• [SUPPLIED MATERIAL]
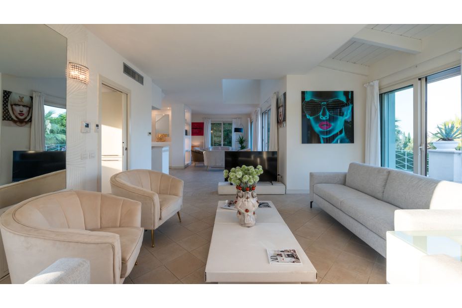 ERDGESCHOSS - Haupteingang, der zu einem großen offenen Raum mit einem Doppelwohnbereich, Sofas, Sesseln, Smart-TVs und großen Fenstern führt (teilweise Schiebefenster), mit direktem Zugang zur Panoramaterrasse;
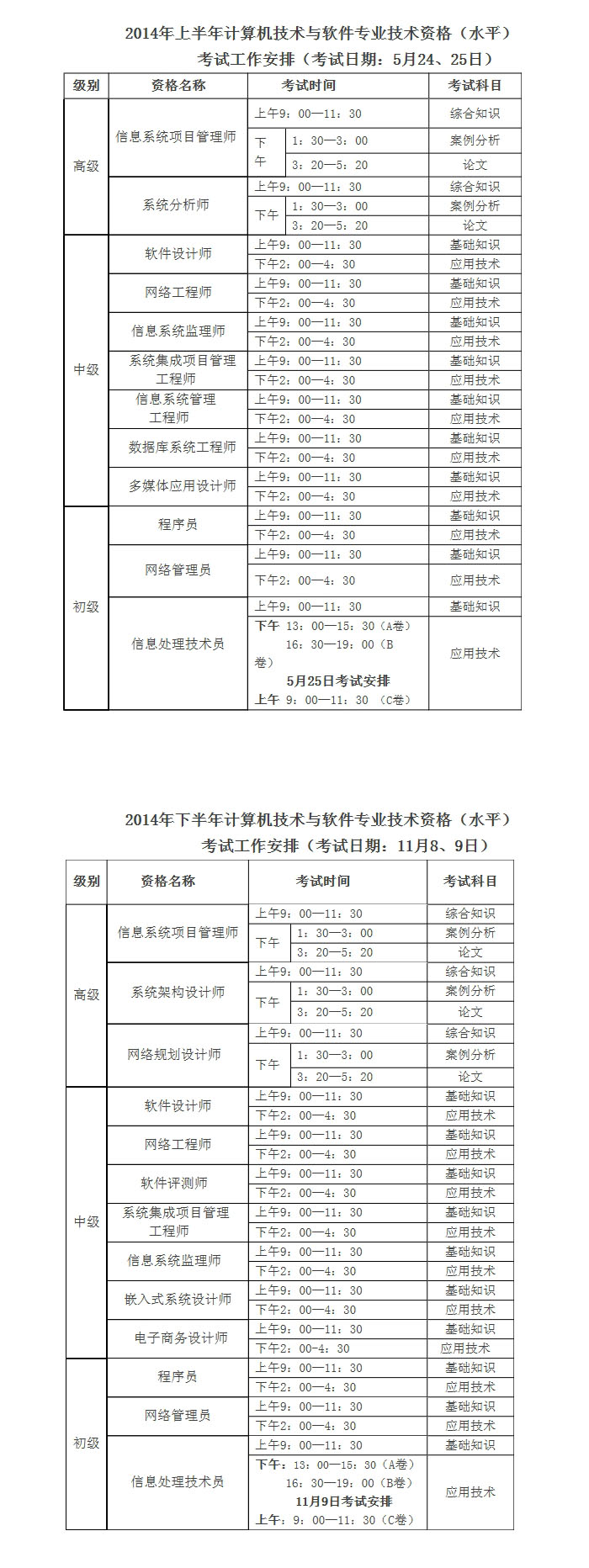 2014年度计算机技术与软件专业技术资格(水平)考试工作安排
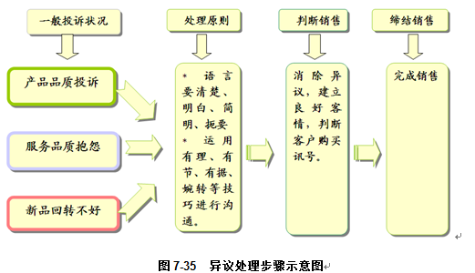 (1)异议处理:此时客户有可能不认可建议销售量,也可能对配送服务、促销资源持怀疑态度,这时,销售人员要运用客户异议处理技巧,将客户异议中隐含的需求明确化,引导客户安心订货。异议处理步骤:缓冲-探询-聆听-答复,如图7-36所示。

• [TASK TO COMPLETE]
All of the material above is to be copied exactly, with no pictures.

• [EXERCISE RESULT]
 ERDGESCHOSS - Haupteingang, der zu einem großen offenen Raum mit einem Doppelwohnbereich, Sofas, Sesseln, Smart-TVs und großen Fenstern führt (teilweise Schiebefenster), mit direktem Zugang zur Panoramaterrasse;
 2014年度计算机技术与软件专业技术资格(水平)考试工作安排
 (1)异议处理:此时客户有可能不认可建议销售量,也可能对配送服务、促销资源持怀疑态度,这时,销售人员要运用客户异议处理技巧,将客户异议中隐含的需求明确化,引导客户安心订货。异议处理步骤:缓冲-探询-聆听-答复,如图7-36所示。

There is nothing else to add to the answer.